THE PROBLEM> Each line in the records below, from the one that contains "84消毒液是一種以次氯酸鈉為" to the one that contains "New wood grain", should be reproduced exactly, the first and last included.

RECORD SET>

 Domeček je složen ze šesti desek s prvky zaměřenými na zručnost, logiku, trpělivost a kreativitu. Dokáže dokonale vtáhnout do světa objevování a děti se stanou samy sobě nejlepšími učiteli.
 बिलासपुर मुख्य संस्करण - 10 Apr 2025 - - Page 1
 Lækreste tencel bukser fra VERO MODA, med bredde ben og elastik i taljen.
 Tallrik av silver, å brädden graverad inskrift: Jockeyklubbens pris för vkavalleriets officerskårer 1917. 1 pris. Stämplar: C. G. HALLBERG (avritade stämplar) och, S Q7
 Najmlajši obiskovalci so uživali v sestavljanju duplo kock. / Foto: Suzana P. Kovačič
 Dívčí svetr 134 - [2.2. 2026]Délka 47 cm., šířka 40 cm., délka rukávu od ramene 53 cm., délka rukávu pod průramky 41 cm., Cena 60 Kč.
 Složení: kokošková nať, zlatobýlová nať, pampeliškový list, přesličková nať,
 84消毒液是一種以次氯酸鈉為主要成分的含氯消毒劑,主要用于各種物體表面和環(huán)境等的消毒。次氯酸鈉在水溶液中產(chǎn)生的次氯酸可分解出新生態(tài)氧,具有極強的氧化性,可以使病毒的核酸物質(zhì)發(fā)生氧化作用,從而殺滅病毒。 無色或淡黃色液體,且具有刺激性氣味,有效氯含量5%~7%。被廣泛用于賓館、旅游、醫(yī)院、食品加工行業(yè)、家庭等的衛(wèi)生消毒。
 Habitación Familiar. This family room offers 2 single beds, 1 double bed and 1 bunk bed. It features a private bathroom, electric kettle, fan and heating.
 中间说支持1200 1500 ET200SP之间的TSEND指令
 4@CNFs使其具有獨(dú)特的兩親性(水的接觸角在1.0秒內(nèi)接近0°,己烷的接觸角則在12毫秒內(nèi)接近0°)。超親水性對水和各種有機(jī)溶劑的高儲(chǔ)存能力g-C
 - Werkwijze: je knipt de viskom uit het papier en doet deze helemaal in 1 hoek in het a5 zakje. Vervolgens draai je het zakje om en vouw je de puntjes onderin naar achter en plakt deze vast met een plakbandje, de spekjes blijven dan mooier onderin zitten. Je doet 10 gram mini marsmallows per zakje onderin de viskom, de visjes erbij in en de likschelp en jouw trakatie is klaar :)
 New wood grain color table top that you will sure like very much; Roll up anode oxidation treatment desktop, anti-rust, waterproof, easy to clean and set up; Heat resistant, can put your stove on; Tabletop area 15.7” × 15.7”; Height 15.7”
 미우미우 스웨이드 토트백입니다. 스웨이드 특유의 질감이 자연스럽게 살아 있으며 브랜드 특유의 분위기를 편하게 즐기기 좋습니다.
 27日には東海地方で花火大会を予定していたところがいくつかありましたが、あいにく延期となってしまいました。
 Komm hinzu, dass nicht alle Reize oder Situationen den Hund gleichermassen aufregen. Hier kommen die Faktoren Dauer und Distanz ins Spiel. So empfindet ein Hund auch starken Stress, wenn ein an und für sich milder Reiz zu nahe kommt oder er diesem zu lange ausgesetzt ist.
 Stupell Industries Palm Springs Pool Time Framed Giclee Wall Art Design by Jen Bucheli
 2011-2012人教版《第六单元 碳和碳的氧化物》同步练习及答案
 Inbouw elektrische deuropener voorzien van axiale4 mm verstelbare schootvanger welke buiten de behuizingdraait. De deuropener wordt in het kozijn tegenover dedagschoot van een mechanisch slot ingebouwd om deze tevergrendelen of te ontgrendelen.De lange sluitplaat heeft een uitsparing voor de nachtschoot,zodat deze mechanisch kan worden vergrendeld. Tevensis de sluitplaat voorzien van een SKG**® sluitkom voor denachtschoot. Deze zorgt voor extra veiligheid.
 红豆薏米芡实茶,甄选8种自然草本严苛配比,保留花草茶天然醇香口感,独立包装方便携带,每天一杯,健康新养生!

SOLUTION TO THIS TASK>
 84消毒液是一種以次氯酸鈉為主要成分的含氯消毒劑,主要用于各種物體表面和環(huán)境等的消毒。次氯酸鈉在水溶液中產(chǎn)生的次氯酸可分解出新生態(tài)氧,具有極強的氧化性,可以使病毒的核酸物質(zhì)發(fā)生氧化作用,從而殺滅病毒。 無色或淡黃色液體,且具有刺激性氣味,有效氯含量5%~7%。被廣泛用于賓館、旅游、醫(yī)院、食品加工行業(yè)、家庭等的衛(wèi)生消毒。
 Habitación Familiar. This family room offers 2 single beds, 1 double bed and 1 bunk bed. It features a private bathroom, electric kettle, fan and heating.
 中间说支持1200 1500 ET200SP之间的TSEND指令
 4@CNFs使其具有獨(dú)特的兩親性(水的接觸角在1.0秒內(nèi)接近0°,己烷的接觸角則在12毫秒內(nèi)接近0°)。超親水性對水和各種有機(jī)溶劑的高儲(chǔ)存能力g-C
 - Werkwijze: je knipt de viskom uit het papier en doet deze helemaal in 1 hoek in het a5 zakje. Vervolgens draai je het zakje om en vouw je de puntjes onderin naar achter en plakt deze vast met een plakbandje, de spekjes blijven dan mooier onderin zitten. Je doet 10 gram mini marsmallows per zakje onderin de viskom, de visjes erbij in en de likschelp en jouw trakatie is klaar :)
 New wood grain color table top that you will sure like very much; Roll up anode oxidation treatment desktop, anti-rust, waterproof, easy to clean and set up; Heat resistant, can put your stove on; Tabletop area 15.7” × 15.7”; Height 15.7”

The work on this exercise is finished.